Local Government: A Channel for Action on Climate Adaptation


This blog post originally appeared on Climatelinks.

New research in Mali highlights a promising opportunity for action on climate change adaptation: local government development planning.

Tim Finan and Mamadou Baro of the University of Arizona presented results of a study supported by USAID’s Adaptation, Thought Leadership, and Assessments (ATLAS) project on January 12 at USAID’s monthly Adaptation Community Meeting. The study explored ways in which Mali’s 25-year-old decentralized governance system empowers local government to help communities adapt to the changing climate.

The qualitative research focused on a key feature of Mali’s local governance system, a legally mandated five-year plan, known locally as a plan de développement economique, social, et culturel, or PDESC. The findings suggest that the PDESC holds promise as a vehicle for engaging communities and integrating adaptation into local development planning, but that more needs to be done to strengthen the process.

Centered in the southern regions of Mopti, Koulikoro, and Sikasso, where most livelihoods derive from farming and livestock, the study also found that decentralized governance creates particular opportunities to facilitate problem-solving across villages and build external linkages to NGOs, donors, and others.

Such relationships are important as households increasingly compete for water and land for grazing and farming, and trees for charcoal and fuel wood. With higher temperatures and decreasing rainfall likely in these regions in the future, effective management of natural resources is vital to maintaining livelihoods and minimizing conflict.

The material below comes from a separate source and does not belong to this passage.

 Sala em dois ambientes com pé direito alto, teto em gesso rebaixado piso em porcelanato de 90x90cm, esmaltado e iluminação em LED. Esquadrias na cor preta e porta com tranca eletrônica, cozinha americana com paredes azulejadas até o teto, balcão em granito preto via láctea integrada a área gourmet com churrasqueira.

“What we are arguing here is that local governance has an impact and can catalyze significant change on adaptation,” said Mamadou Baro, who presented the research with colleague Tim Finan. “But to be serious about sustainable development in Mali, we have to invest in the quality of the PDESC.”

The study recommended stronger coordination between the government of Mali, donors, NGOs, and local bodies to take actions such as:

  • Revise PDESC procedures to mandate climate adaptation as an organizational theme, as well as improve monitoring and evaluation and financial planning.
  • Coordinate a national strategy to support preparation of climate-sensitive PDESCs.
  • Invigorate the PDESC as a “living document” by promoting it in villages, translating it into local languages, and increasing opportunities for public participation.
  • Invest in training and information-sharing for local stakeholders.

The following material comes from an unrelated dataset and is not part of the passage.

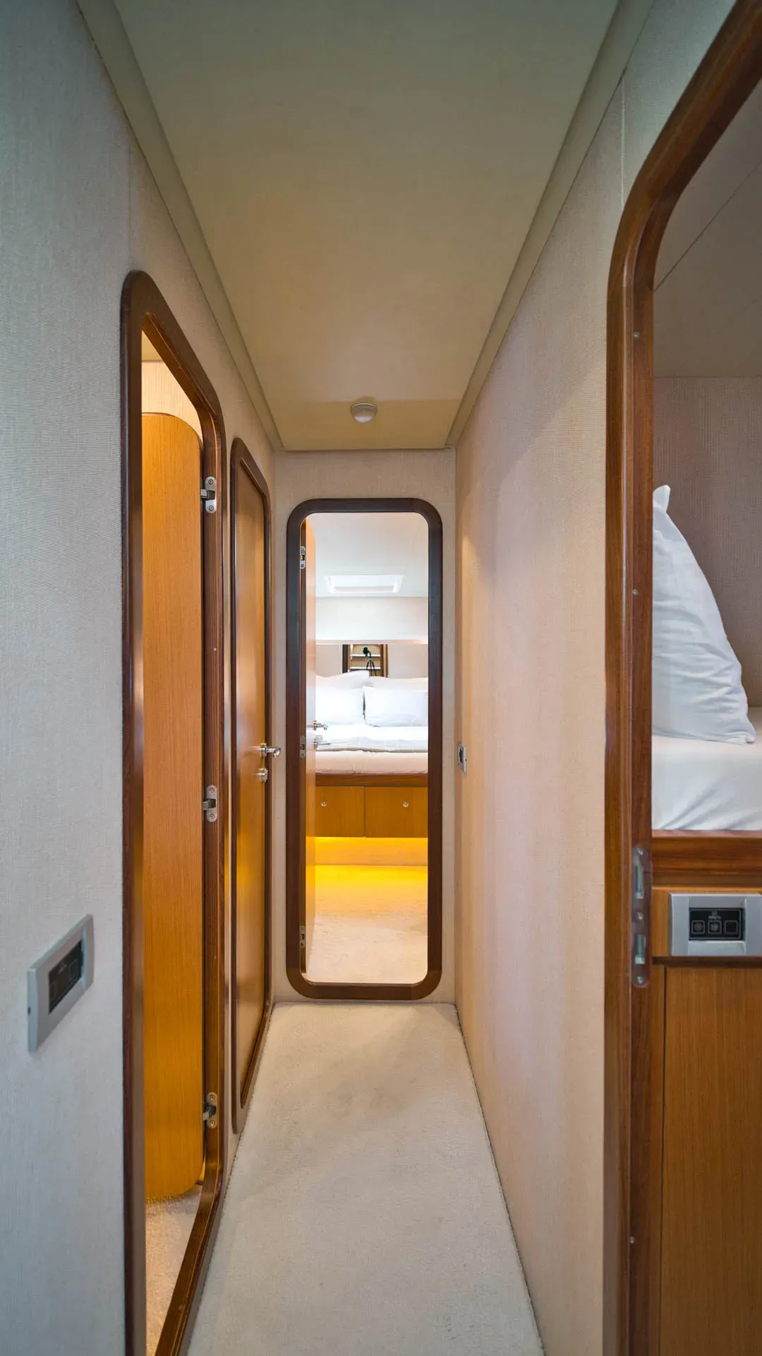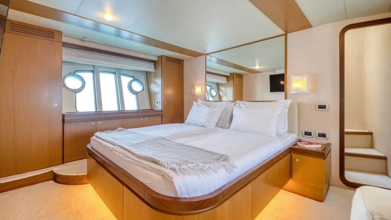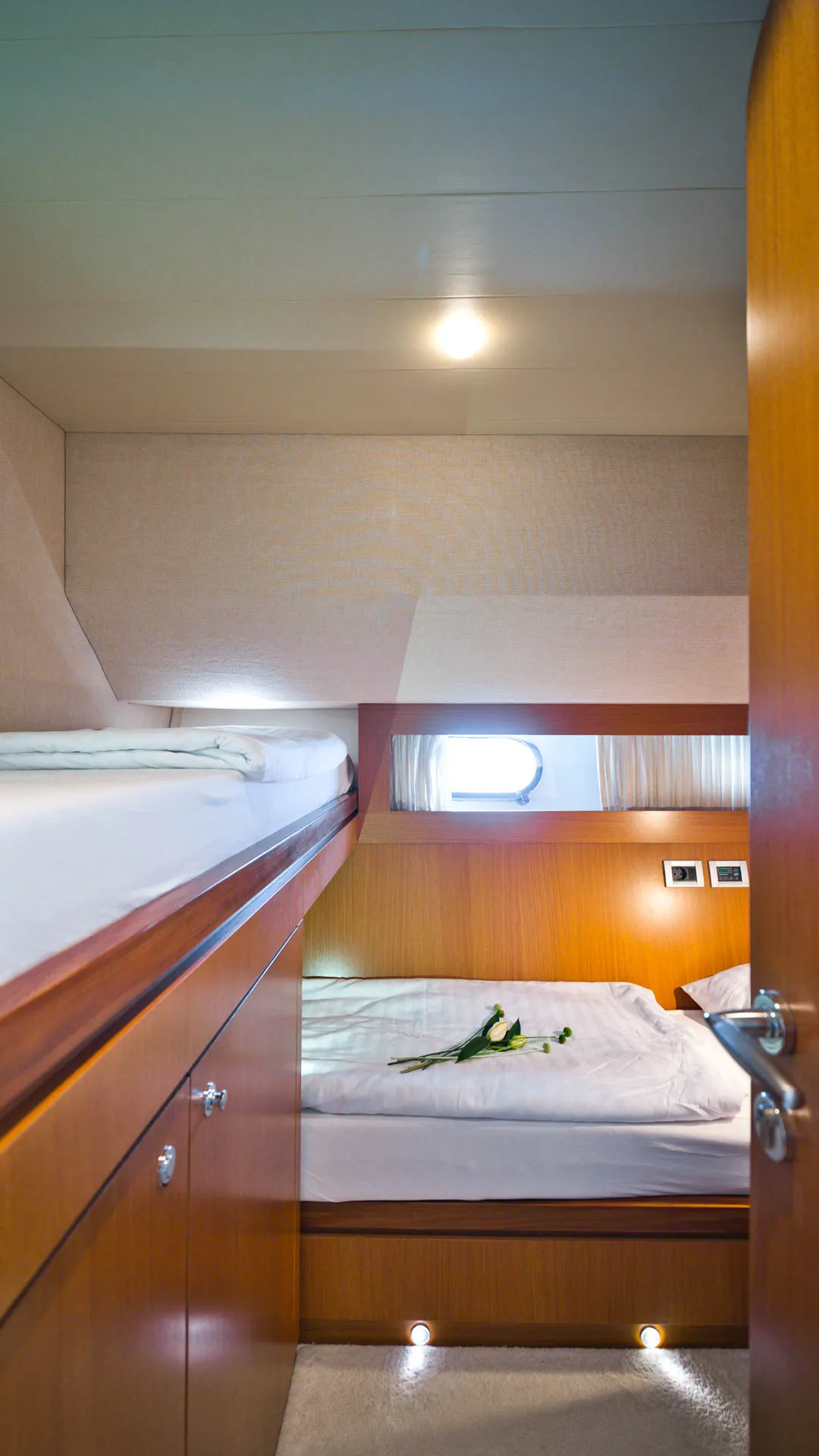 L’interno è progettato per essere accogliente e arioso, con finiture eleganti e luce naturale che esaltano la sensazione di spazio. Tutte le cabine sono completamente climatizzate, garantendo notti riposanti dopo giornate attive in mare. Con due membri dell’equipaggio professionale a bordo, ogni dettaglio è curato, permettendo agli ospiti di rilassarsi completamente e godersi la loro fuga nell’Adriatico.

Supported by USAID’s ATLAS project, the study was conducted by the University of Arizona and the Malian NGO, Sahel Eco.

While based on Mali, many findings are relevant in other contexts. For example, community-based structures such as women’s savings groups, which exist in many countries, may provide a platform for collaboration with local government on climate adaptation, particularly on information-sharing across villages.

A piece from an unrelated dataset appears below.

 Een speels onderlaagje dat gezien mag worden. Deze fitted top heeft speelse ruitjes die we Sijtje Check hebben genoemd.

Questions from the Adaptation Community Meeting audience, which included 90 in-person and online participants, catalyzed a rich discussion on topics including alternative livelihood strategies, land ownership, and social capital.

The next Adaptation Community Meeting, on the assessment methodology the National Oceanic and Atmospheric Administration (NOAA) used to assess climate risks to its facilities, will be held February 16. 

Erin Martin is a communications advisor on the ATLAS Climate Change Adaptation, Thought Leadership, and Assessments (ATLAS) project.